Your copy should hold every record exactly and no images.

------------------------

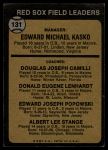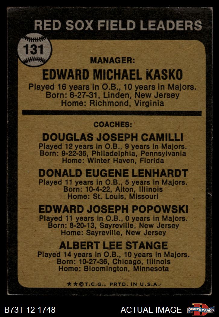 1973 Topps #131 BRN - Eddie Kasko / Doug Camilli / Don Lenhardt / Eddie Popowski / Lee Stange Red Sox Leaders 2.5 - GD+
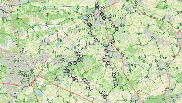 Diese Route beginnt am Hotel. Beim Verlassen des Parkplatzes biegen Sie links ab. Vorbei an der Kreuzung Taalstraat / Paardensteeg befinden Sie sich am Knotenpunkt 14 und die Route beginnt.
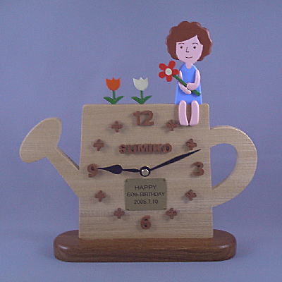 ■還暦祝い:ガーデニングがご趣味のお母様へジョロの形の置き時計■
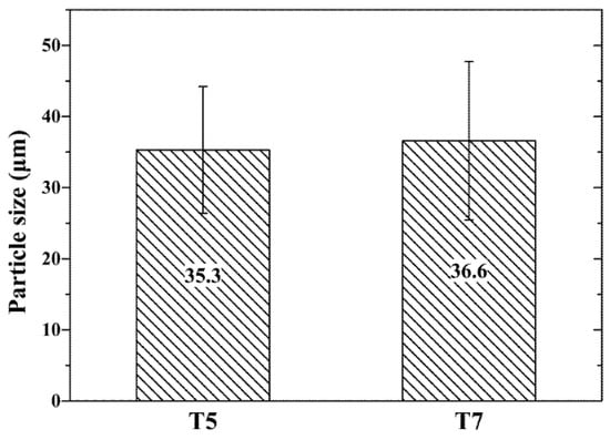 Average size of primary Si for 4 wt.% TiB2/Al-12Si composite at both T5 and T7 states.
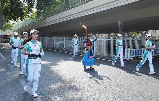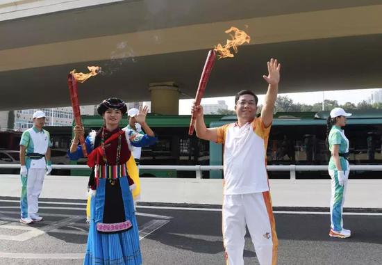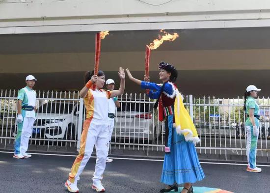 火炬手共123棒,其中56個民族代表與各界火炬手交替傳遞,每棒火炬手傳遞距離約為70米。寓意56個民族像石榴籽一樣緊密團結在黨中央周圍,共祝新中國成立70華誕。攜手奮進新時代,同心共筑中國夢。
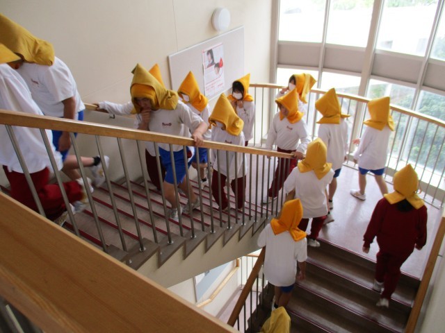 第1回目の避難訓練を実施しました。津波を想定し、全員4Fの廊下や1年生の教室に避難する訓練を行いました。落ち着いて素早く非難する姿や、点呼中静かに待つ態度はとても立派でした。
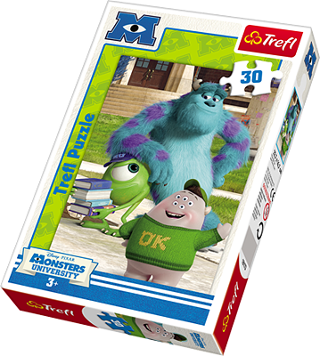 Puzzle 30 elementów z bohaterami bajki "Uniwersytet Potworny". Po ułożeniu powstanie obrazek o wymiarach 20 x 27cm. Wysoką jakość, nasycenie kolorów i bezpieczeństwo układania zapewnia wykorzystanie materiałów ekologicznych. Puzzle oparte na licencji Disney.
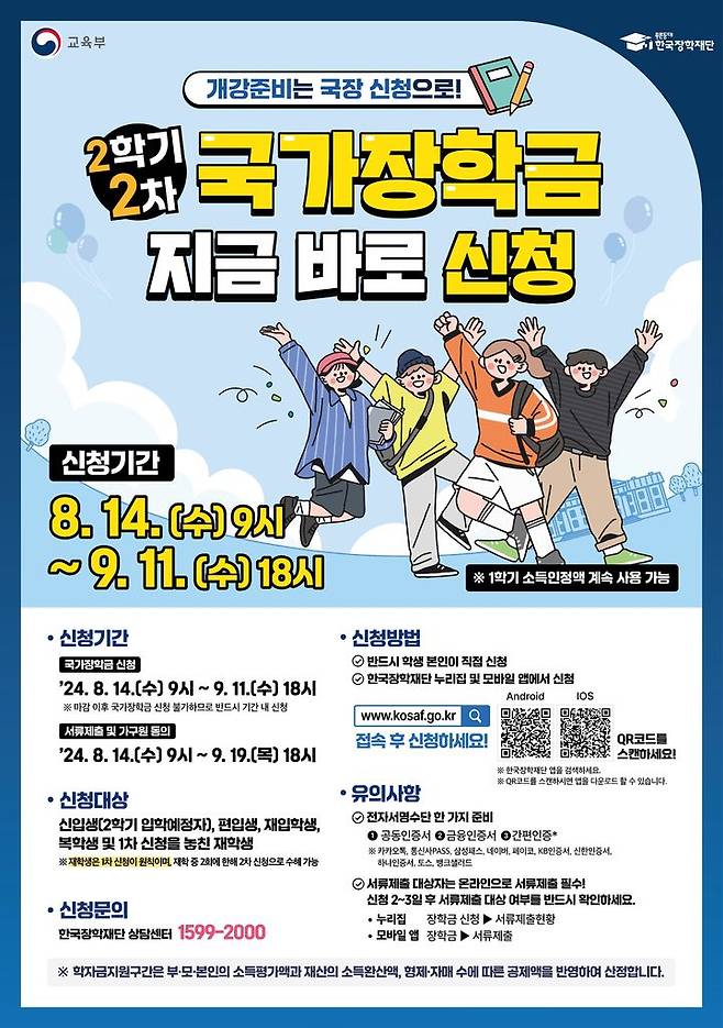 국가장학금 2차 신청이 곧 시작됩니다. 이번 신청은 2024학년도 2학기 등록금을 지원받고자 하는 학생들에게 마지막 기회로, 기간 내 반드시 신청을 완료해야 합니다. 아래에서 신청 대상자, 신청 방법, 신청 기간, 장학금 종류 및 유의사항에 대해 자세히 안내해 드리겠습니다.
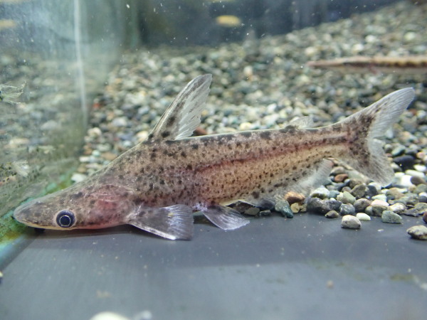 最近ダルメシアンドルフィンキャットのインボイスでも流通しているちょっと謎のドルフィンキャット。最大で45cmほどになる Ageneiosus polystictus ではないかと思われますが、情報が少ないので真偽のほどは不明。海外のサイトではポリスティクタスの幼魚として今回入荷したのと同じ魚の画像が載っていましたが、成魚の雰囲気があまりにも違うので本当にこれが大きくなったらそうなるの?という印象も無きにしも非ず・・・。気になる方は学名で画像検索をしてみてください。幼魚の画像はあんまり出てきませんが成魚の画像はいくつか出てきますから。まぁいずれにしろほとんど見かけない変わったドルフィンキャットです。もうだいぶ前、たぶん7~8年前になるのかな?マディラ産のマーブルドルフィンキャットのインボイスで入荷した魚がいたんですが、それによく似てますね。もしそれと同じ魚だとしたら入荷したのは7~8年ぶりってことになるのか・・・?かなり珍しいドルフィンキャットだと思いますのでマニアの方はぜひ!左上の画像です。

------------------------

**Answer section**
 1973 Topps #131 BRN - Eddie Kasko / Doug Camilli / Don Lenhardt / Eddie Popowski / Lee Stange Red Sox Leaders 2.5 - GD+
 Diese Route beginnt am Hotel. Beim Verlassen des Parkplatzes biegen Sie links ab. Vorbei an der Kreuzung Taalstraat / Paardensteeg befinden Sie sich am Knotenpunkt 14 und die Route beginnt.
 ■還暦祝い:ガーデニングがご趣味のお母様へジョロの形の置き時計■
 Average size of primary Si for 4 wt.% TiB2/Al-12Si composite at both T5 and T7 states.
 火炬手共123棒,其中56個民族代表與各界火炬手交替傳遞,每棒火炬手傳遞距離約為70米。寓意56個民族像石榴籽一樣緊密團結在黨中央周圍,共祝新中國成立70華誕。攜手奮進新時代,同心共筑中國夢。
 第1回目の避難訓練を実施しました。津波を想定し、全員4Fの廊下や1年生の教室に避難する訓練を行いました。落ち着いて素早く非難する姿や、点呼中静かに待つ態度はとても立派でした。
 Puzzle 30 elementów z bohaterami bajki "Uniwersytet Potworny". Po ułożeniu powstanie obrazek o wymiarach 20 x 27cm. Wysoką jakość, nasycenie kolorów i bezpieczeństwo układania zapewnia wykorzystanie materiałów ekologicznych. Puzzle oparte na licencji Disney.
 국가장학금 2차 신청이 곧 시작됩니다. 이번 신청은 2024학년도 2학기 등록금을 지원받고자 하는 학생들에게 마지막 기회로, 기간 내 반드시 신청을 완료해야 합니다. 아래에서 신청 대상자, 신청 방법, 신청 기간, 장학금 종류 및 유의사항에 대해 자세히 안내해 드리겠습니다.
 最近ダルメシアンドルフィンキャットのインボイスでも流通しているちょっと謎のドルフィンキャット。最大で45cmほどになる Ageneiosus polystictus ではないかと思われますが、情報が少ないので真偽のほどは不明。海外のサイトではポリスティクタスの幼魚として今回入荷したのと同じ魚の画像が載っていましたが、成魚の雰囲気があまりにも違うので本当にこれが大きくなったらそうなるの?という印象も無きにしも非ず・・・。気になる方は学名で画像検索をしてみてください。幼魚の画像はあんまり出てきませんが成魚の画像はいくつか出てきますから。まぁいずれにしろほとんど見かけない変わったドルフィンキャットです。もうだいぶ前、たぶん7~8年前になるのかな?マディラ産のマーブルドルフィンキャットのインボイスで入荷した魚がいたんですが、それによく似てますね。もしそれと同じ魚だとしたら入荷したのは7~8年ぶりってことになるのか・・・?かなり珍しいドルフィンキャットだと思いますのでマニアの方はぜひ!左上の画像です。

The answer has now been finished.